Exercise directions:
From the first line to the last, set down the material exactly, leaving out its pictures.
Start of Given material
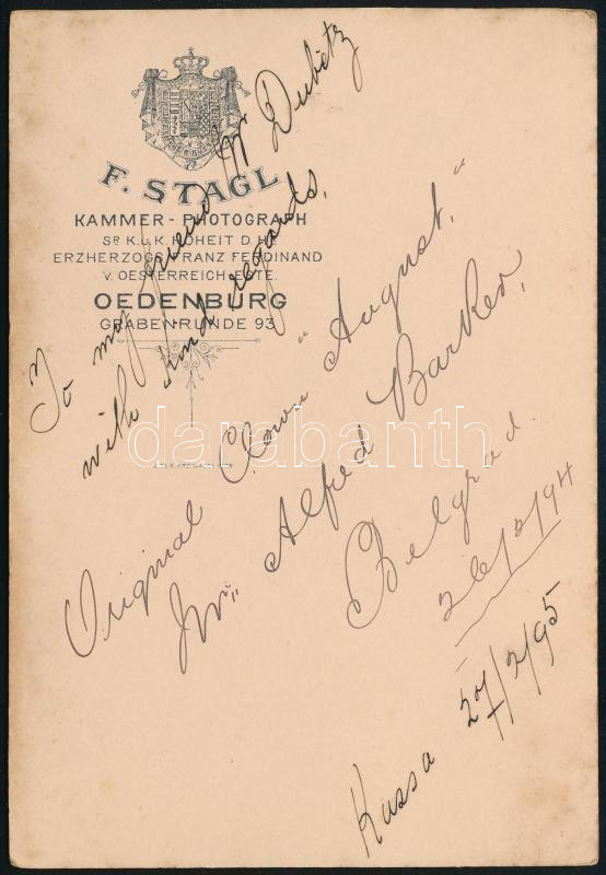 Description: cca 1895 Bohóc portréja, keményhátú fotó Stagl soproni műterméből, hátoldalán korabeli datált ajándékozási sorokkal és a bohóc nevével feliratozott, kissé foltos, 16x11 cm / Portrait of a clown, vintage photo from
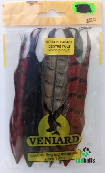 Микс 6 штук из частей цветных, центральных перьев охотничьего фазана фипмы VENIARD, Англия, для вязания нахлыстовых мушек.
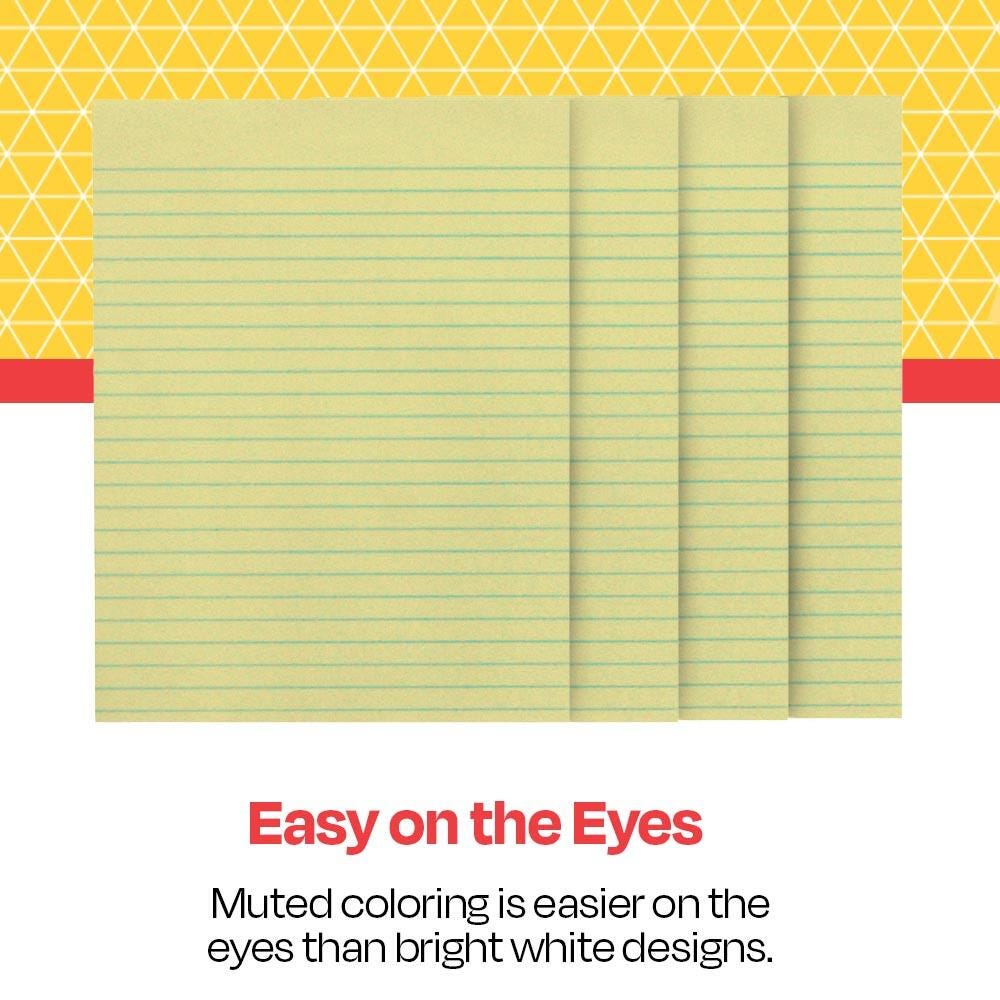 School Smart yellow sulphite paper is 3/8 ruled the short way on both sides with no margin. Basis paper weight is 15 lbs. This versatile paper has many uses such as note taking, brainstorming, composing and many more. The gentle yellow hue of the paper can be easier on sensitive eyes than stark white.
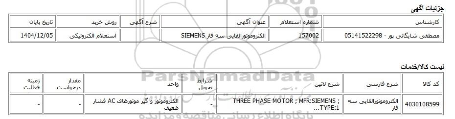 | مصطفی شایگانی پور - 05141522298 | 157002 | الکتروموتورالقایی سه فاز SIEMENS | استعلام الکترونیکی | 1404/12/05 |
End of Given material
Answer to this task:
 Description: cca 1895 Bohóc portréja, keményhátú fotó Stagl soproni műterméből, hátoldalán korabeli datált ajándékozási sorokkal és a bohóc nevével feliratozott, kissé foltos, 16x11 cm / Portrait of a clown, vintage photo from
 Микс 6 штук из частей цветных, центральных перьев охотничьего фазана фипмы VENIARD, Англия, для вязания нахлыстовых мушек.
 School Smart yellow sulphite paper is 3/8 ruled the short way on both sides with no margin. Basis paper weight is 15 lbs. This versatile paper has many uses such as note taking, brainstorming, composing and many more. The gentle yellow hue of the paper can be easier on sensitive eyes than stark white.
 | مصطفی شایگانی پور - 05141522298 | 157002 | الکتروموتورالقایی سه فاز SIEMENS | استعلام الکترونیکی | 1404/12/05 |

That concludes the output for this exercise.